Gentz ​​predicted that the trend will remain intact for a long time: "There will be no relapse to the level from the pre-Corona period." His long-term outlook was correspondingly ambitious.

The gross goods volume of Zalando should increase to more than 30 billion euros by 2025 with the increasing share of platform partners - almost three times the value of last year.

Gentz ​​spoke of an "immense growth opportunity" and justified this with the fact that Zalando had developed into the primary search platform for fashion on the Internet.

According to the figures of the cookie evaluator Comscore, the Berlin-based site was called up 1.5 times as often for corresponding searches as that of the next-placed competitor H&M.

Inditex, Asos, Adidas and Nike are even further behind.

The use of Zalando as direct access for potential customers to the world of goods forms the core of future growth, according to Gentz.

Pages called up as product search engines, including Spotify for music or Booking.com for hotel bookings, would have unique advantages, including, above all, the full attention of customers who are ready to buy.

"And companies don't have to pay Facebook and Google for traffic to their pages," he added.

“People come directly because they know that their needs will be met here.” That is why a comprehensive range of services is essential.

Zalando's claim must insist that customers have the feeling that they can find every available size, color and cut on the platform.

Source: WORLD infographic

In the long term, the Berlin company is aiming for a market share of ten percent in the European fashion market with a volume of 450 billion euros.

For the foreseeable future, investments would therefore have priority over profit distributions.

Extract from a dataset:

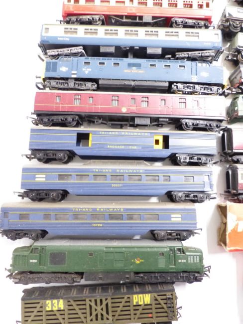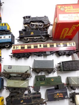 A collection of Tri-ang, Hornby Dublo and similar 00 gauge model railway locomotives, rolling stock, buildings and accessories, some in original boxes.

In this and next year alone, the company plans to enter eight Eastern European markets with around 14,000 employees, including Estonia, Croatia, Romania and Hungary.

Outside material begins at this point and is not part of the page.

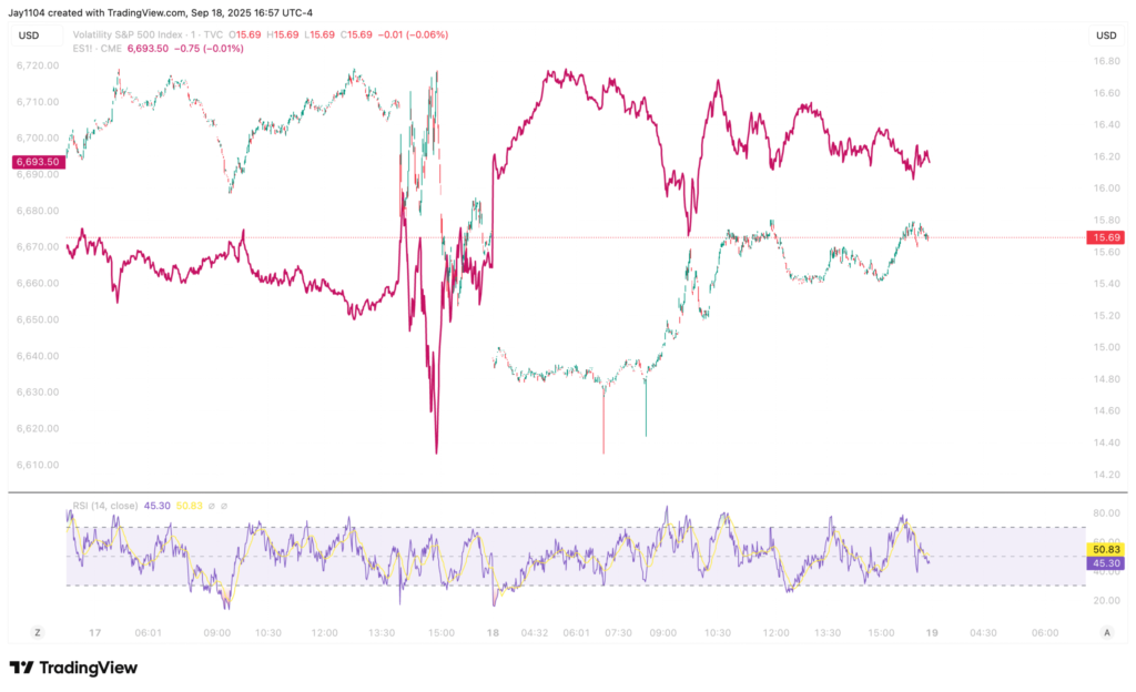 Yesterday’s open just looked like leftover volatility that didn’t reset at the end of the day on Wednesday. The opened lower, futures traded up with that lower open, and then moved inversely to volatility all day. At this point, the volatility reset seems complete.S&P 500 Volatility Index Chart

For the first time, Astrid Arndt, who is responsible for human resources, is joining the Zalando Management Board, which currently consists of five men.

After eleven years at Zalando, co-boss Rubin Ritter is leaving the company for the annual general meeting in May - according to his own statements, in order to be able to devote more time to his family and other interests.

Shortly before saying goodbye, the man in his late thirties was sure that the online retailer was more than a crisis winner in the pandemic.

"Covid has given us economic tailwind, but the roots of our success go much deeper," he said.

Many investors have yet to be convinced of this.

"Alles auf Aktien" is the daily stock market shot from the WELT business editor. Every morning from 7 am with the financial journalists Anja Ettel and Holger Zschäpitz. For stock market experts and beginners.